What is being asked
Write out every line of the material as it stands, apart from the pictures.

Input data
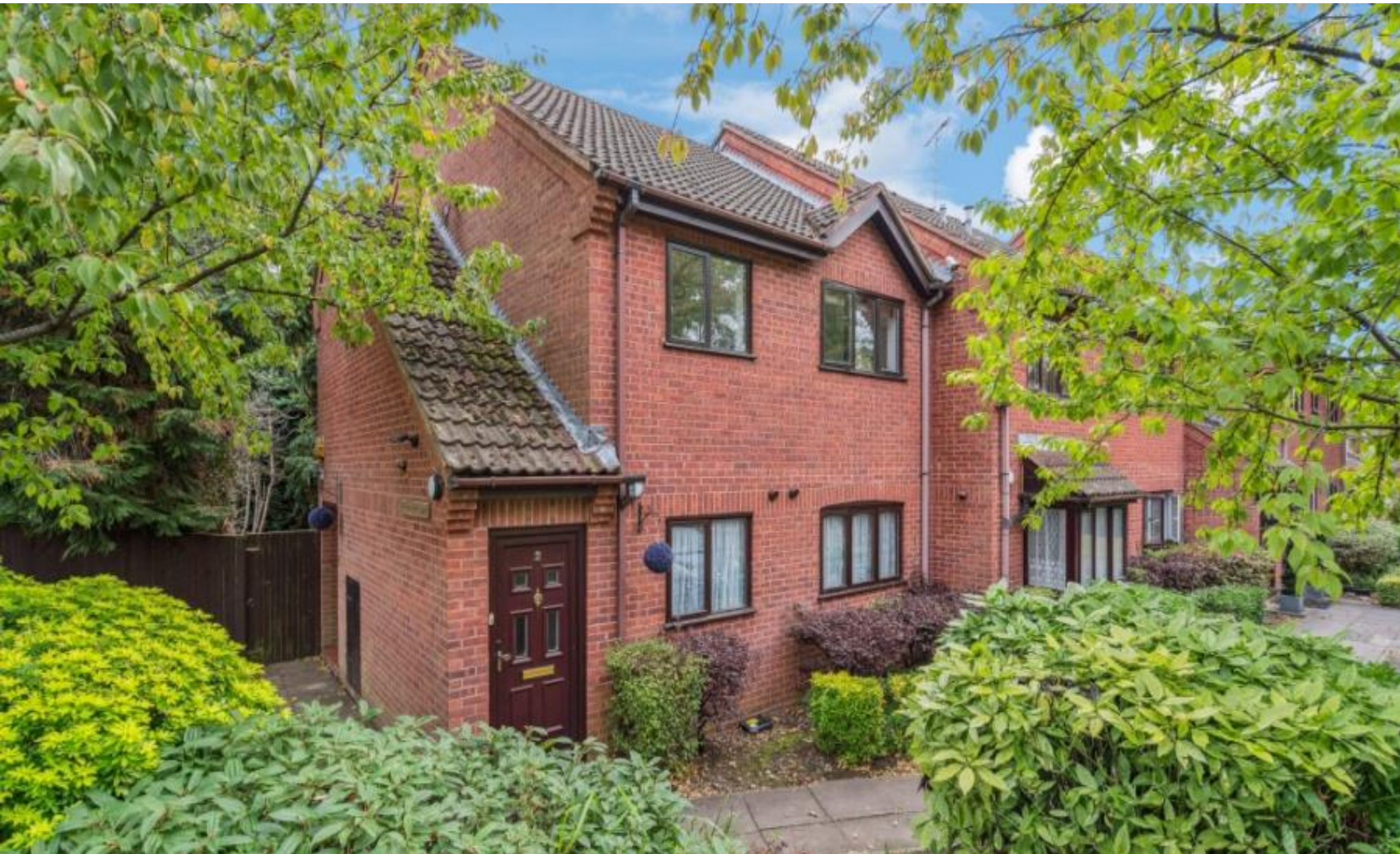
A two bedroom first floor maisonette on a popular road The Avenue, Northwood, HA6 2NQ
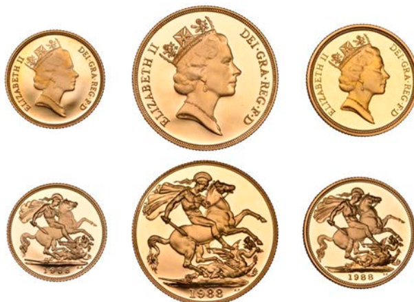
G 469 Proof set, 1988, comprising gold Two Pounds, Sovereign and Half-Sovereign (S PGS09) [3]. Brilliant, as struck; in case of issue £1,000-£1,200
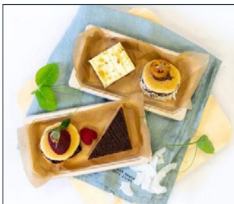
Duo Pack E

$6.95 (2 items per pack - min 6) Assorted cake (v) + pancake stack (v)
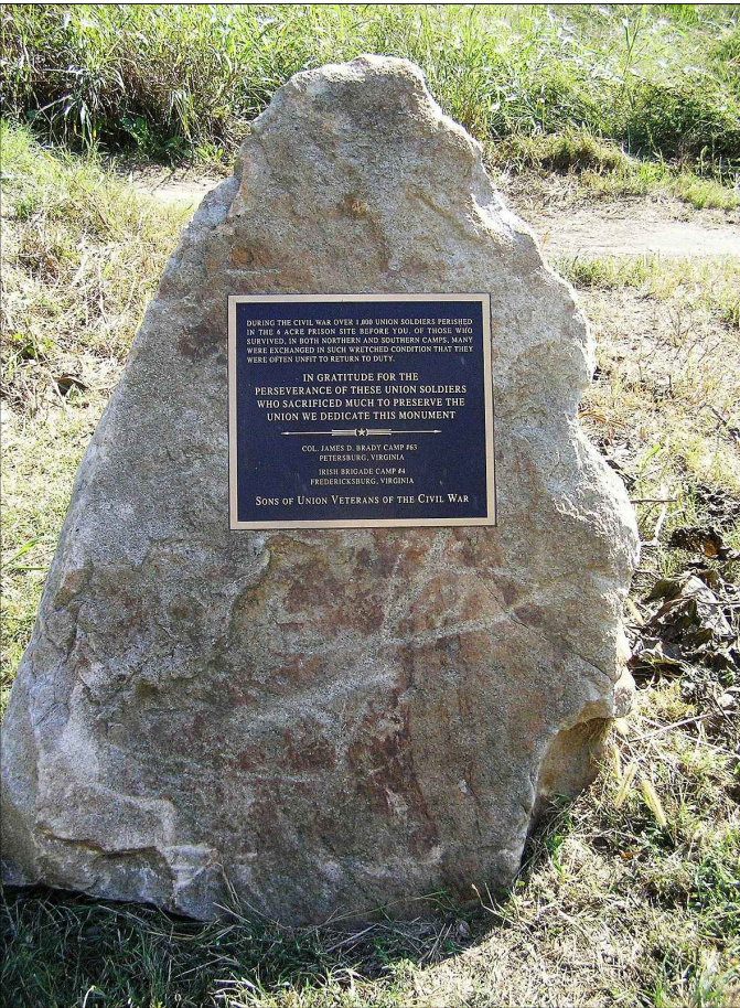
PHOTO EXAMPLE OF MONUMENT BOULDER NOT TO SCALE

Answer box
A two bedroom first floor maisonette on a popular road The Avenue, Northwood, HA6 2NQ
G 469 Proof set, 1988, comprising gold Two Pounds, Sovereign and Half-Sovereign (S PGS09) [3]. Brilliant, as struck; in case of issue £1,000-£1,200
Duo Pack E

$6.95 (2 items per pack - min 6) Assorted cake (v) + pancake stack (v)
PHOTO EXAMPLE OF MONUMENT BOULDER NOT TO SCALE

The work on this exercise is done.